*** Block opens ***
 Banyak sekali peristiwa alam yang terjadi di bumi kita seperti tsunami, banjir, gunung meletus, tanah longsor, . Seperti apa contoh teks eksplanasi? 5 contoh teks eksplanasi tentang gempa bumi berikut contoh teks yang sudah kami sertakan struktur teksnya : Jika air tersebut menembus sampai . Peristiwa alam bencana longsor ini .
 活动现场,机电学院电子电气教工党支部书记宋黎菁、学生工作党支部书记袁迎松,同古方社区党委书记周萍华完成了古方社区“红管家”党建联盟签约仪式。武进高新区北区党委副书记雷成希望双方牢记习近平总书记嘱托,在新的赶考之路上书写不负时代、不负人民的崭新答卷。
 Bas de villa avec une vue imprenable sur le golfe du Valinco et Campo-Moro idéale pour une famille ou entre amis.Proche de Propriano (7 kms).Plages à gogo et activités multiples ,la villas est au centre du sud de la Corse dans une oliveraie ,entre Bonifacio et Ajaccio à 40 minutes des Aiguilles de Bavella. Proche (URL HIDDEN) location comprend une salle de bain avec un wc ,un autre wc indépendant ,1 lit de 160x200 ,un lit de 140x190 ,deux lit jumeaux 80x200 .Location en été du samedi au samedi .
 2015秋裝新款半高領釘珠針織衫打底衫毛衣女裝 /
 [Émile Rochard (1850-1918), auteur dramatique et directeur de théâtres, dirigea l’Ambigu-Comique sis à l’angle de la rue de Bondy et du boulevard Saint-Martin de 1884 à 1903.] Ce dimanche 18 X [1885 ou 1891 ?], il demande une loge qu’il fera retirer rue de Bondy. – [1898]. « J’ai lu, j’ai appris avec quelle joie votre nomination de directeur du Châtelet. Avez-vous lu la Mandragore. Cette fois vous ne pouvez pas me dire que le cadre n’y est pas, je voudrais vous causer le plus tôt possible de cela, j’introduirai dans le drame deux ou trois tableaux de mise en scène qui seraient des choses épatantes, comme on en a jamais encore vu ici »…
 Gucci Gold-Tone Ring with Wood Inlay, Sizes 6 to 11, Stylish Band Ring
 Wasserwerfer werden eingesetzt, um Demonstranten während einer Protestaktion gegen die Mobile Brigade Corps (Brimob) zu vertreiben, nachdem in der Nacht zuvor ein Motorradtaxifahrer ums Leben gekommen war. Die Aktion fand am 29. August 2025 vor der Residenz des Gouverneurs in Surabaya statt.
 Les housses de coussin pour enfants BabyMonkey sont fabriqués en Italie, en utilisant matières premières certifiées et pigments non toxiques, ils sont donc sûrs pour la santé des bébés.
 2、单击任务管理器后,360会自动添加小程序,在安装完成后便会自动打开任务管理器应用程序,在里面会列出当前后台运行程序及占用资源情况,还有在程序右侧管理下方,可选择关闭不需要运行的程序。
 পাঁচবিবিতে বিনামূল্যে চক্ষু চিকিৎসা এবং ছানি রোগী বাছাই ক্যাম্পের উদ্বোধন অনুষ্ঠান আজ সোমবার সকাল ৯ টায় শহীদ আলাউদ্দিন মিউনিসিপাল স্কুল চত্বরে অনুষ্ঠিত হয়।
*** Block closes ***
*** Block opens ***
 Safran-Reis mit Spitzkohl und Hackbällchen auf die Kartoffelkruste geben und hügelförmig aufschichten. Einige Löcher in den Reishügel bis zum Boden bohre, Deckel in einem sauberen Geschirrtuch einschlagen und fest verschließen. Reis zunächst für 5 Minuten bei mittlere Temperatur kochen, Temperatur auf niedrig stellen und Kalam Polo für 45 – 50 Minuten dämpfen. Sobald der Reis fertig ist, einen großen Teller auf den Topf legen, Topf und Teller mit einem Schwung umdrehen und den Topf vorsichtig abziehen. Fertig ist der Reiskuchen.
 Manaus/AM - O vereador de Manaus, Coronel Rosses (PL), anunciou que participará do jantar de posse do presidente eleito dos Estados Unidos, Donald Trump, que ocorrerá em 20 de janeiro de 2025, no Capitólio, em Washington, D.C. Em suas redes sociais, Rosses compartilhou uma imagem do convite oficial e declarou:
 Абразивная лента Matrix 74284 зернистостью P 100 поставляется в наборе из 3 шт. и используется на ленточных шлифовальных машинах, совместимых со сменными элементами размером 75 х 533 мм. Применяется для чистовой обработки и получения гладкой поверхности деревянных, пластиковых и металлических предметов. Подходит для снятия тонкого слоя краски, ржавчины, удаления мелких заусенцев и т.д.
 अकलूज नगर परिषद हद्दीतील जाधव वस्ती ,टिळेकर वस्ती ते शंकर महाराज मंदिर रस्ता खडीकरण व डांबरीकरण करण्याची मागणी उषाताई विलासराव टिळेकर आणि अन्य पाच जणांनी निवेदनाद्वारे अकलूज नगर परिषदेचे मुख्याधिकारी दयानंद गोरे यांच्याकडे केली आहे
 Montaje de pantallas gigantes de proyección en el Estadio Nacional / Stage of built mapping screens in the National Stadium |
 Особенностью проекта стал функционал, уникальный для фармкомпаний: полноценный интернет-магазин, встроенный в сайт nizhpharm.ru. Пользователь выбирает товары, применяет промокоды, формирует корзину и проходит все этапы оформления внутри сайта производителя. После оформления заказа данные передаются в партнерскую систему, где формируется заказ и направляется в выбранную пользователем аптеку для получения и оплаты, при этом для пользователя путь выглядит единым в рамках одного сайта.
*** Block closes ***
*** Block opens ***
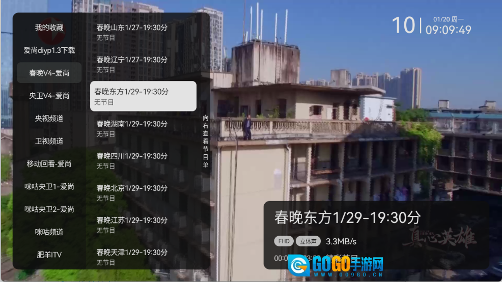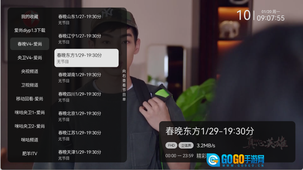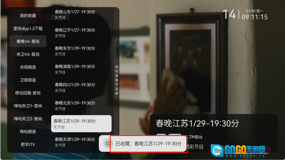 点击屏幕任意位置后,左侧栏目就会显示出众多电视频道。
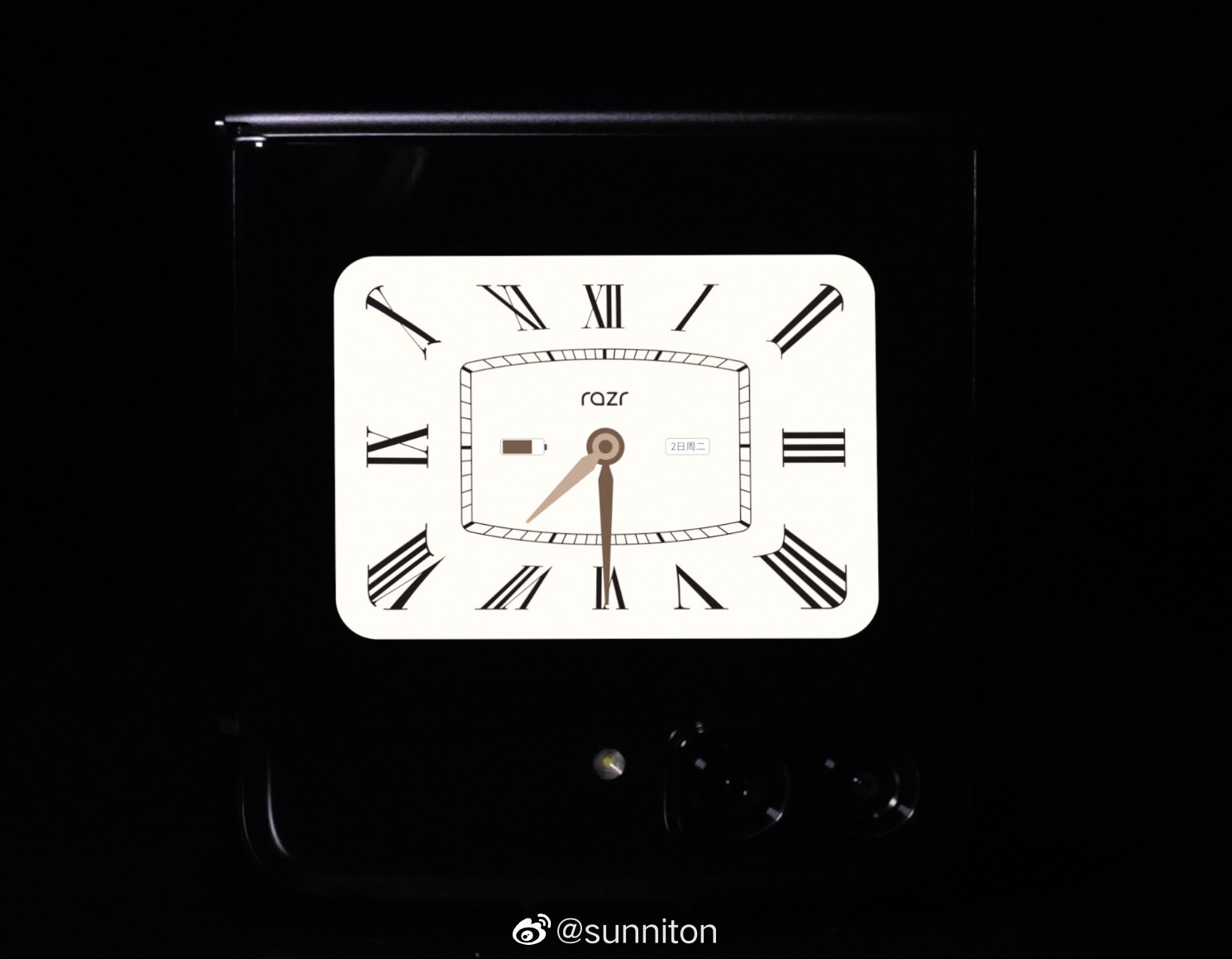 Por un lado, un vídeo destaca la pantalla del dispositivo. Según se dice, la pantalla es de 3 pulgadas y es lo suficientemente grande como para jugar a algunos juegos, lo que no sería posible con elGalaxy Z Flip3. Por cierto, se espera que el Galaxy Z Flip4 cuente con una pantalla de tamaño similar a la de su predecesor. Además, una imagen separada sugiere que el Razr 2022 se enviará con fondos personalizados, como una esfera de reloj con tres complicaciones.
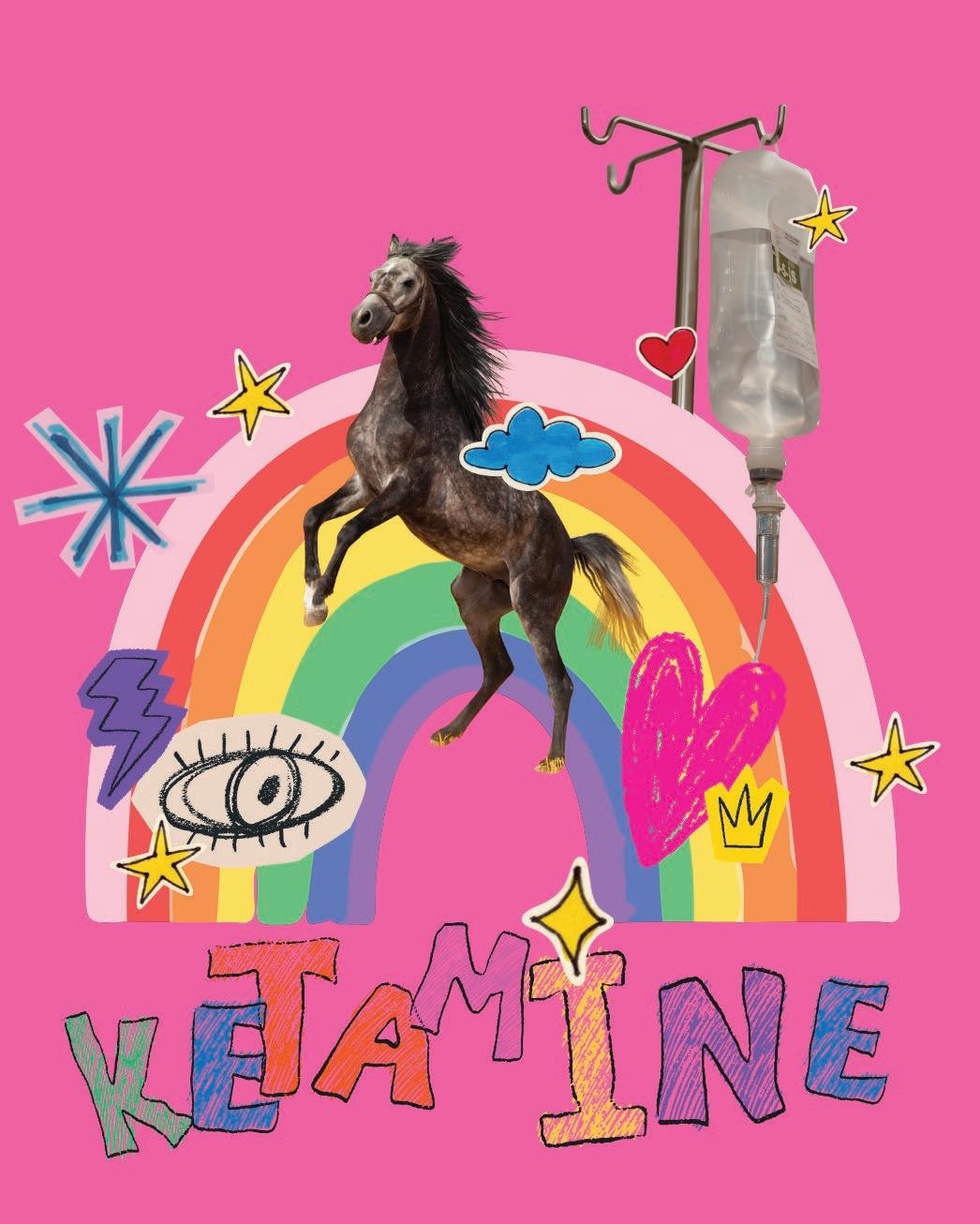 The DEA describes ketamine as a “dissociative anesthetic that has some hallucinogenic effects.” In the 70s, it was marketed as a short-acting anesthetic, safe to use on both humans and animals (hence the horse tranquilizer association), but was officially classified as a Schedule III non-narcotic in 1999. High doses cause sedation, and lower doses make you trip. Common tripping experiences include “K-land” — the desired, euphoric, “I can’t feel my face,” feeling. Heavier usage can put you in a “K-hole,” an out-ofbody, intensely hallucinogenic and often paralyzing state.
*** Block closes ***
THE PROBLEM: Using the data above, repeat exactly the lines that begin at the line with "Bas de villa" and end at the line with "2015秋裝新款半高領釘珠針織衫打底衫毛衣女裝 /", both ends included.

SOLUTION TO THE PROBLEM:
 Bas de villa avec une vue imprenable sur le golfe du Valinco et Campo-Moro idéale pour une famille ou entre amis.Proche de Propriano (7 kms).Plages à gogo et activités multiples ,la villas est au centre du sud de la Corse dans une oliveraie ,entre Bonifacio et Ajaccio à 40 minutes des Aiguilles de Bavella. Proche (URL HIDDEN) location comprend une salle de bain avec un wc ,un autre wc indépendant ,1 lit de 160x200 ,un lit de 140x190 ,deux lit jumeaux 80x200 .Location en été du samedi au samedi .
 2015秋裝新款半高領釘珠針織衫打底衫毛衣女裝 /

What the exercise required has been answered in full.